DALLAS (AP) - The biggest prize is all that remains on the list of goals for Baylor and 6-foot-8 senior star Brittney Griner after sweeping the Big 12 regular-season and tournament titles for the third year in a row.
The top-ranked Lady Bears are six NCAA tournament victories away from another national title.
“I think we’re on track, just like we were last year,” Griner said.
Griner, Odyssey Sims and their Baylor teammates are getting a couple of well-deserved days off during spring break after a dominating run through the Big 12. A little rest for the defending national champions before what likely will be another deep run into the NCAA tournament.
“These young ladies completed another part of their goal board,” coach Kim Mulkey said proudly after the Lady Bears’ 75-47 victory over No. 23 Iowa State in the Big 12 title game Monday night. “Their goal was to win a Big 12 championship, win a tourney championship. And they’ve done that.”

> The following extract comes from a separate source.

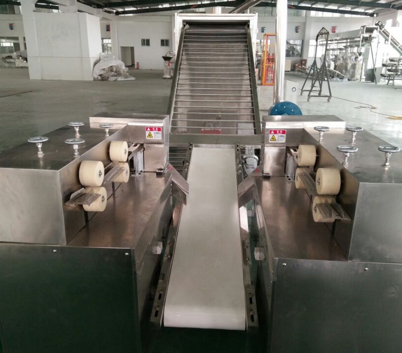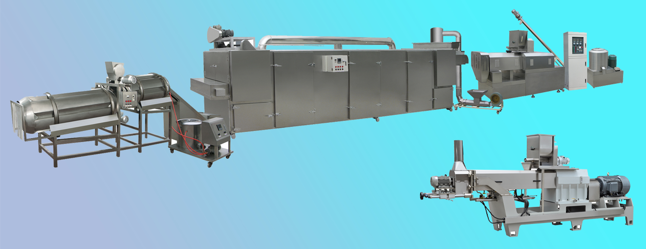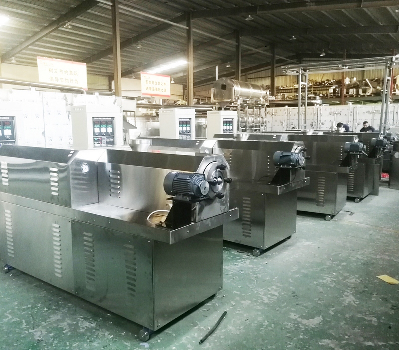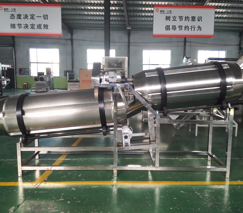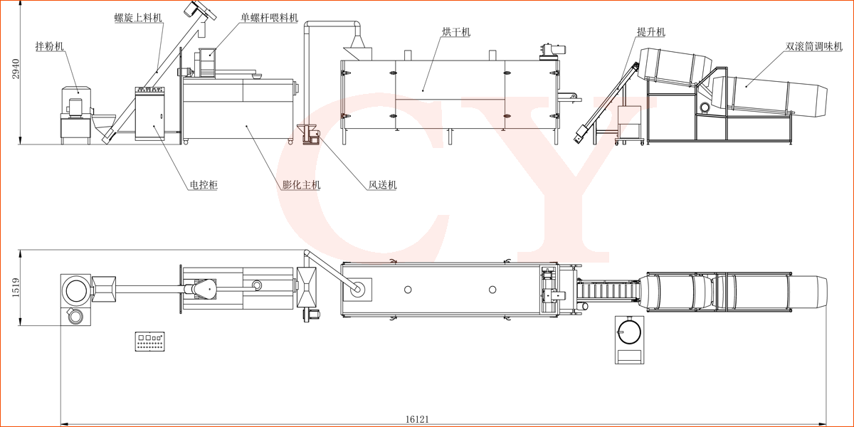 拌粉機→螺旋上料機→雙螺桿膨化機→風(fēng)送機→三層烤箱→中提升機→-雙滾筒調味機→電子包裝機

A year after becoming the NCAA’s first 40-win team during an undefeated national championship season, the Lady Bears (32-1) will surely be the No. 1 overall seed in the NCAA tournament again. They have won 30 games in a row since a two-point loss to Stanford a week into this season when Sims was hurt.
“I think we’re where we need to be, especially with this game,” Griner said after the Big 12 tournament-clinching victory in a matchup of the league’s top two seeds. “If we can play like we played (against the Cyclones), anything’s possible.”

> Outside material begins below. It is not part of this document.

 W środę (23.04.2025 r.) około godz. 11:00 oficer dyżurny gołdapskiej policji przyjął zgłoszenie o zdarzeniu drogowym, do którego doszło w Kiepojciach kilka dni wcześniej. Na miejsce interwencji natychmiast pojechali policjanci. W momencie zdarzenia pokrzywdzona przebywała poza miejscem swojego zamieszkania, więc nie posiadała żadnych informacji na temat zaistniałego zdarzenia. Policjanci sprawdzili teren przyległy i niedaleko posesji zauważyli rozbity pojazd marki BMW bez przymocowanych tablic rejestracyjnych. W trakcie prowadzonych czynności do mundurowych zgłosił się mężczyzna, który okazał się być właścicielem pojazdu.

The Lady Bears will open the NCAA tournament at home on the Waco campus, where first- and second-round games will be played March 24 and 26. They have a nation’s-best 55-game home winning streak.

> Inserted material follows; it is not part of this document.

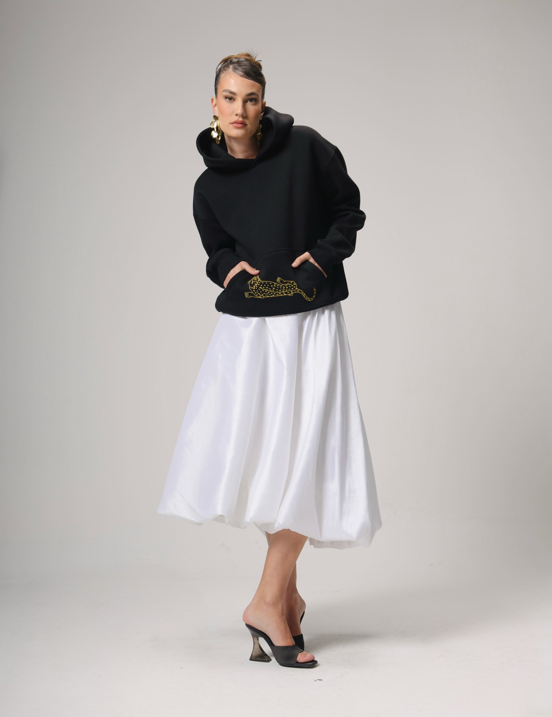 Black hoodie with gold embroidered pockets featuring a tiger design

On the podium after the Big 12 title game, Griner and Sims both said they hoped Mulkey would give them “maybe a couple days off.” The coach agreed, knowing that wanting a break doesn’t mean her team is satisfied with what they’ve done so far.
“Just rest and get in the gym, tune up some little things that we need to work on, polish some edges, just keep doing what we’re doing,” Griner said.
“We’re a great team. There’s always something to be corrected,” said Sims, the junior point guard and only non-senior starter. “Whenever we start practicing again, we’ll get out there, nothing will change. Working on the basics, working on Baylor things that we normally work on, getting focused, our main goal.”
In her final Big 12 game, Griner had 23 of her 31 points by halftime _ outscoring Iowa State by 10 points on her own by then.
Griner finished 14 of 17 shooting and had as many field goals as the Cyclones’ entire team when she came out of the game for good with 4:12 left and Baylor up by 32 points.
Baylor led 41-13 at halftime. Griner missed only one of her 12 first-half shots, but grabbed the rebound of that miss for a putback that started a 19-0 run and put the Lady Bears ahead to stay.
The only time Baylor didn’t win the Big 12 regular season or tournament title with the trio of fourth-year seniors Griner, Kimetria Hayden and Jordan Madden was when they were freshmen three years ago. But they made it to the NCAA Final Four that season.
Baylor has won 49 consecutive regular-season and tournament games in the Big 12, going undefeated through league in the regular season the past two years.
What that streak doesn’t include is an NCAA regional final loss _ one game shy of another Final Four appearance _ to then-conference foe Texas A&M two years ago in the American Airlines Center, where the Lady Bears got to celebrate their latest Big 12 tournament title.
“I don’t take championships for granted. We may never win another one. This may be our last Big 12 championship. Who knows?,” Mulkey said. “But the thing you can’t say about this bunch is that we were talented and never won it all, never won any.
“Other than the one little epic disappointment, I think they’ve had a great run in the Big 12 and the NCAA tournament,” the coach said. “I really do, whether we ever win another one.”